As rising interest rates and geopolitical tensions have produced unsettling economic headwinds, companies’ near-term financial prospects have come into sharper focus, making ESG for ESG’s sake a tougher sell. The upshot is that, even if the headwinds subside, 2024 will be about approaching ESG (and the concepts that underpin that shapeshifting acronym) as a means of creating value. Yes, the “right thing to do” rationale still matters, but it has become a more nuanced part of the ESG mosaic.
Companies will need to think about ESG initiatives and goals in terms of the opportunities that they can generate and the risks they can mitigate. Indeed, companies must consider how ESG efforts can be linked to the creation of long-term value for investors, to whom the management and boards owe fiduciary duties under the law.
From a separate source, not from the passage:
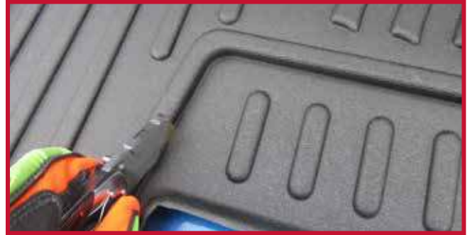
Figura 15 - Recorte del tapete del pasajero

13. Instale el gancho de retención del tapete del pasajero. Aplique Primer 94 en la zona mostrada en la figura 16 y repita el paso 7b anterior para fijar correctamente el gancho al umbral de plástico de la puerta. La figura 17 muestra una instalación correcta del gancho.

For those companies that have been less aggressive in pursuing ESG-related efforts in the past, the calculus is equally clear: take care of business now, but make a plan for the future. Understanding how consumers, regulators, investors and other key stakeholders think about ESG (or whatever they wish to call it) will be critical for long-term commercial viability, and the companies that aren’t attentive to these matters may be doing so at their peril.
1 BlackRock’s 2023 Investment Stewardship Proxy Voting Guidelines for U.S. Securities call for, among other things, companies to disclose “short-, medium-, and long-term targets, ideally science-based targets where these are available for their sector, for Scope 1 and 2 greenhouse gas emissions (GHG) reductions and to demonstrate how their targets are consistent with the long-term economic interests of their shareholders.” Additionally note that State Street Global Advisors (“SSGA”) provided in its 2023 Proxy Voting and Engagement Guidelines that it may take voting action against companies in the S&P 500 that fail to provide sufficient disclosure regarding climate-related risks and opportunities related to the company, or board oversight of climate-related risks and opportunities, in accordance with the Taskforce on Climate-related Financial Disclosures (“TCFD”) (which calls for disclosure of Scopes 1, 2, and, if appropriate, 3 of GHG emissions and the related risks)).
2 BlackRock, Vanguard, and SSGA each provide certain expectations regarding board diversity disclosure and membership in their 2023 proxy voting guidelines, with consequences for companies that do not meet their expectations (e.g., SSGA may vote against the nominating chair of all companies that do not have at least one woman director, Russell 3000 companies that do not have at least 30% women directors, and S&P 500 companies that do not have at least one director from an underrepresented racial/ ethnic community).
3 Survey, The state of AI in 2023: Generative AI’s breakout year, McKinsey & Company (2023), https://mck.co/3v06AP2.
4 Natalie Cooper, Bob Lamm, and Randi Val Morrison, Board Practices: Artificial intelligence, Harvard Law School Forum on Corporate Governance (2023), https://bit.ly/3Td7zpr.
This information is provided by Vinson & Elkins LLP for educational and informational purposes only and is not intended, nor should it be construed, as legal advice.